I have been attempting to troubleshoot this solo for far longer than I should have, but when playing basically any Vulkan game I will at some point crash, locking my entire X session. But the only errors I have been able to find are XID 8, which as far as debugging goes isn’t super helpful.
Games I’ve crashed on:
Deep Rock Galactic
Elden Ring
Back4Blood
Any ideas would be appreciated - I’m honestly getting desperate haha.
Added the file, rebooted and attempted to play again. Crashed again within ~10 minutes, but now the crash was a hard crash requiring a full system reboot, rather than what appears to be waiting for the driver to restart itself.
“Interactive false” disables the driver’s watchdog which kills hanging (or just too long running) gpu processes (resulting in XID 8).
Unfortunately, in your case it wasn’t just a long-running gpu task so the watchdog got impatient but indeed a hard hang. Also, no additional errors were logged.
There’s some VK_ERR_DEVICE_LOST in dxvk logs, and some “NVRM wait for channel idle timeout” in the nvidia logs, but I’m guessing the latter is related to the XID 8?
Is there a verbose mode I can the driver under to hopefully get some more context into what is causing the issue? From my reading the Vulkan error above is pretty generic, and so is my XID error.
So where should I be moving forward with my testing to further narrow down the issue?

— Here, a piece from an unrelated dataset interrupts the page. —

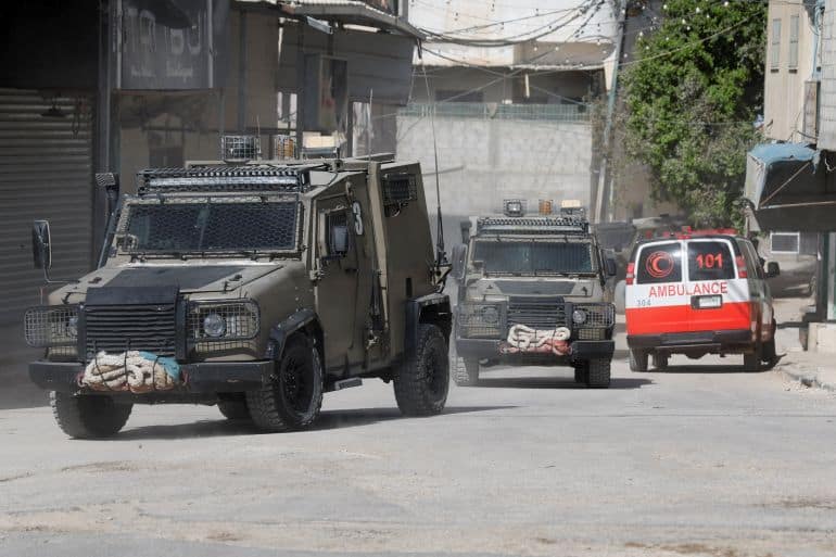 Israeli military vehicles operate during an Israeli raid in the Far’a refugee camp near Tubas, in the occupied West Bank, October 1, 2025 [Raneen Sawafta/Reuters]

Yes, all messages are just a symptom of the same, some vulkan task is hanging the gpu.
I don’t think there’s anything to get more info on the driver side, I guess you’ll need to do a full apitrace with dxvk and take that to the dxvk devs to maybe check which calls are hanging.
In that respect, since you’ve said “basically any Vulkan game”, did you already try a native game?
Also, did you already try downgrading to the 470 driver to check for a recent regression?
In general, checking protondb, all your games should run flawless, so might be something specific to your hardware.
Well I tried utilizing VKD3D-Proton with Deep Rock Galactic instead of DXVK (DX12->vulkan instead of DX11->vulkan). DX12 was stable for a lot longer, but eventually the exact same crash occurred. This rules to me rules out a potential DXVK specific issue.
What tools are available to perform hardware inspection/tests on my GPU?
I had a lot of trouble trying to get gravitymark to run. 3/4 of the time I get no messages back when trying to run a test, the rest of the time I get the following error:
Oh, that’s bad. I didn’t expect that either. So nothing vulkan specific but a general gpu fault.
Please try reseating the nvidia board in its pcie slot, check if it works in another system to rule out mainboard issues.